## WHAT THE TASK REQUIRES
Please return every record exactly as written, leaving out the pictures.

## EXTRACTED DATA
= Beginning of Section =
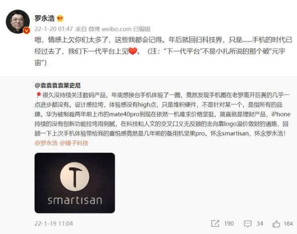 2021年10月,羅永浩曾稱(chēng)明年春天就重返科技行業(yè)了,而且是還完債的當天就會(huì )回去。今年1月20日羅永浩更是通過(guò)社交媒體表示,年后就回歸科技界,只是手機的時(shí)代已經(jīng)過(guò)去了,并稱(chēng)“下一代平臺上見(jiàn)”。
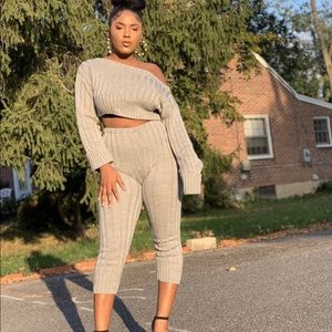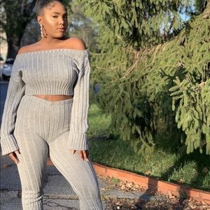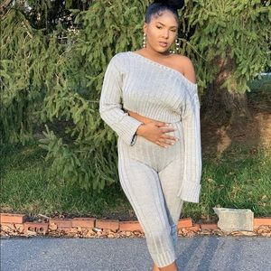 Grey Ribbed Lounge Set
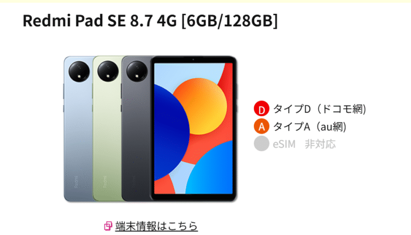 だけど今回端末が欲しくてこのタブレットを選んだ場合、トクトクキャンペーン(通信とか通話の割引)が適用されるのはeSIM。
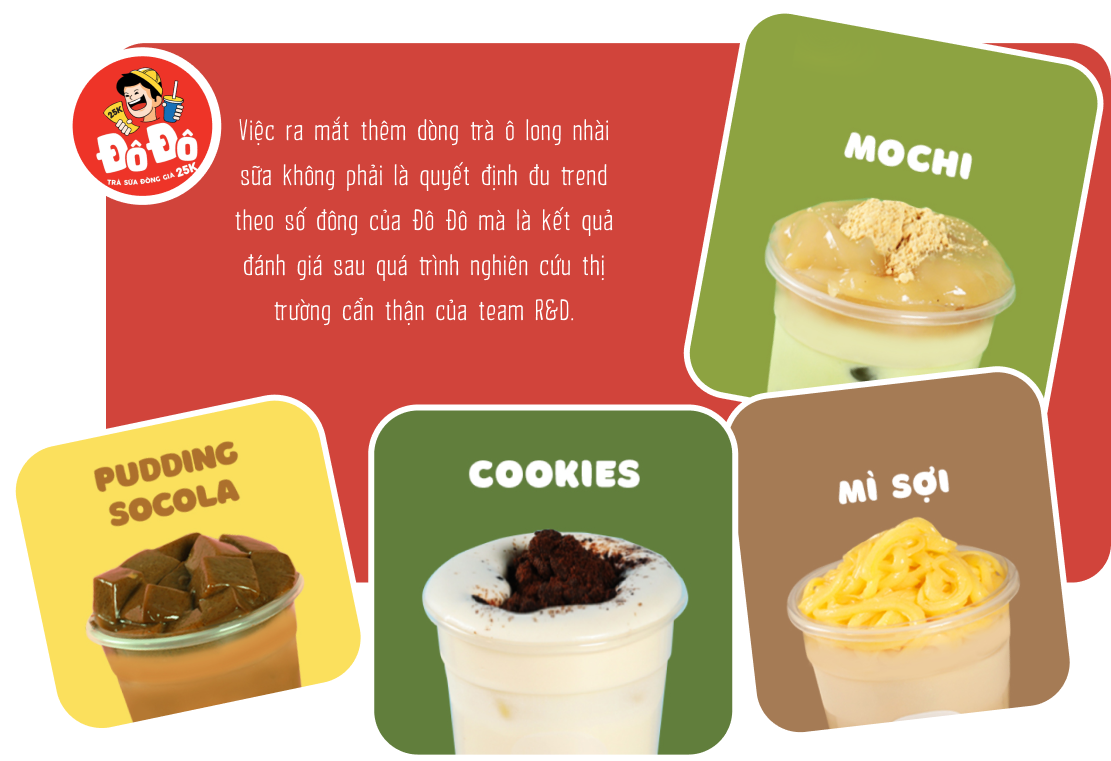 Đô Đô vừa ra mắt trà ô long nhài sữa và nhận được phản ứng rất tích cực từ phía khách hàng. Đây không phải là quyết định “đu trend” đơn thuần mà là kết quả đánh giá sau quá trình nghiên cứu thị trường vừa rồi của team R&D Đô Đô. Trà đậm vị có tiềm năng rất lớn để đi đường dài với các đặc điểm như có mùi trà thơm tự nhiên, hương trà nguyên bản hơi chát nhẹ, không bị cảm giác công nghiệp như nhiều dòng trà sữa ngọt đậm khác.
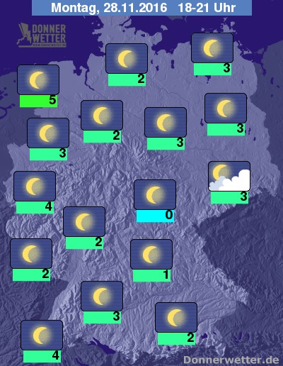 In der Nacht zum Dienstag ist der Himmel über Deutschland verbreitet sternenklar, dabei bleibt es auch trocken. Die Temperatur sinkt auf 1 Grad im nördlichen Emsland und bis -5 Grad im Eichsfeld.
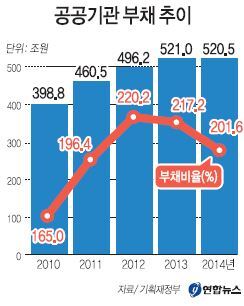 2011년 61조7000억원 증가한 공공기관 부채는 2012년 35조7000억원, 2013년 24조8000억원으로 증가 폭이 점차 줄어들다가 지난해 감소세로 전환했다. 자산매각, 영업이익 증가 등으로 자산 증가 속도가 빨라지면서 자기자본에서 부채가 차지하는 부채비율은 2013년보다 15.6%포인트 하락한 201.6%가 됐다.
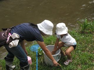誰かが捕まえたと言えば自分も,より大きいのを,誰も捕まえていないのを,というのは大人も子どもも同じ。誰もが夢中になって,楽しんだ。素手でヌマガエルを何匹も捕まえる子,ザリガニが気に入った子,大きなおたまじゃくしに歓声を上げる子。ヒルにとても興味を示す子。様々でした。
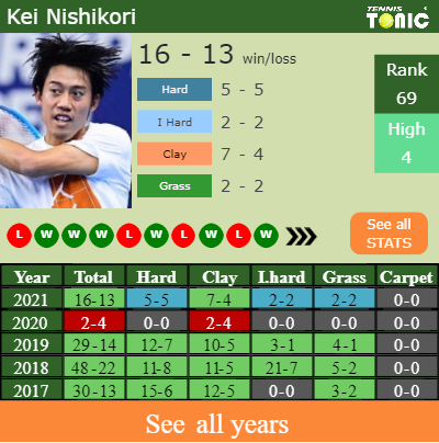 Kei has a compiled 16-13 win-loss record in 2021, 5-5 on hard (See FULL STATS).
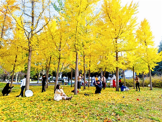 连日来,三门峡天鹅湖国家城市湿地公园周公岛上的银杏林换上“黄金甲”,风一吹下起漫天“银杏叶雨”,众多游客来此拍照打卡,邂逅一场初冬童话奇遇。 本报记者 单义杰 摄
= End of Section =
## EXPECTED ANSWER
 2021年10月,羅永浩曾稱(chēng)明年春天就重返科技行業(yè)了,而且是還完債的當天就會(huì )回去。今年1月20日羅永浩更是通過(guò)社交媒體表示,年后就回歸科技界,只是手機的時(shí)代已經(jīng)過(guò)去了,并稱(chēng)“下一代平臺上見(jiàn)”。
 Grey Ribbed Lounge Set
 だけど今回端末が欲しくてこのタブレットを選んだ場合、トクトクキャンペーン(通信とか通話の割引)が適用されるのはeSIM。
 Đô Đô vừa ra mắt trà ô long nhài sữa và nhận được phản ứng rất tích cực từ phía khách hàng. Đây không phải là quyết định “đu trend” đơn thuần mà là kết quả đánh giá sau quá trình nghiên cứu thị trường vừa rồi của team R&D Đô Đô. Trà đậm vị có tiềm năng rất lớn để đi đường dài với các đặc điểm như có mùi trà thơm tự nhiên, hương trà nguyên bản hơi chát nhẹ, không bị cảm giác công nghiệp như nhiều dòng trà sữa ngọt đậm khác.
 In der Nacht zum Dienstag ist der Himmel über Deutschland verbreitet sternenklar, dabei bleibt es auch trocken. Die Temperatur sinkt auf 1 Grad im nördlichen Emsland und bis -5 Grad im Eichsfeld.
 2011년 61조7000억원 증가한 공공기관 부채는 2012년 35조7000억원, 2013년 24조8000억원으로 증가 폭이 점차 줄어들다가 지난해 감소세로 전환했다. 자산매각, 영업이익 증가 등으로 자산 증가 속도가 빨라지면서 자기자본에서 부채가 차지하는 부채비율은 2013년보다 15.6%포인트 하락한 201.6%가 됐다.
誰かが捕まえたと言えば自分も,より大きいのを,誰も捕まえていないのを,というのは大人も子どもも同じ。誰もが夢中になって,楽しんだ。素手でヌマガエルを何匹も捕まえる子,ザリガニが気に入った子,大きなおたまじゃくしに歓声を上げる子。ヒルにとても興味を示す子。様々でした。
 Kei has a compiled 16-13 win-loss record in 2021, 5-5 on hard (See FULL STATS).
 连日来,三门峡天鹅湖国家城市湿地公园周公岛上的银杏林换上“黄金甲”,风一吹下起漫天“银杏叶雨”,众多游客来此拍照打卡,邂逅一场初冬童话奇遇。 本报记者 单义杰 摄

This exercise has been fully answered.